Problem to work on:
In the listing below, find the line containing "Dzisiaj tylko sałatka" and the line containing "50 salgados de", then copy exactly everything from the first through the second, except the pictures.

Input material:

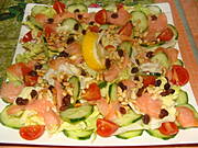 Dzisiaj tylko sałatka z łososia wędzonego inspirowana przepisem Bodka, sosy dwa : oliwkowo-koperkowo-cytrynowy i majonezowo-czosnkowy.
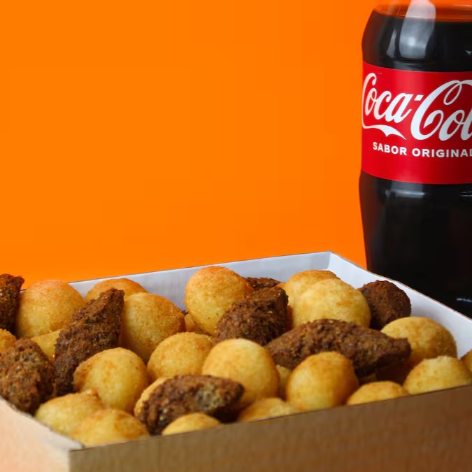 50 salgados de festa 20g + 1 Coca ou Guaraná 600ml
* * *
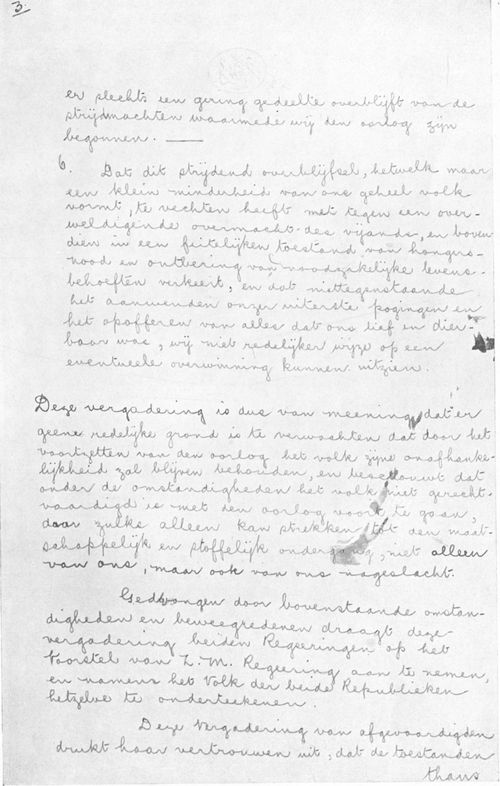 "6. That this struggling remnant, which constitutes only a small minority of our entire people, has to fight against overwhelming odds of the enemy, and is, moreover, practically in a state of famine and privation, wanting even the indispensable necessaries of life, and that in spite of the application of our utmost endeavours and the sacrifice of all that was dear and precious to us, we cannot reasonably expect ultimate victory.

Result of this task:
 Dzisiaj tylko sałatka z łososia wędzonego inspirowana przepisem Bodka, sosy dwa : oliwkowo-koperkowo-cytrynowy i majonezowo-czosnkowy.
 50 salgados de festa 20g + 1 Coca ou Guaraná 600ml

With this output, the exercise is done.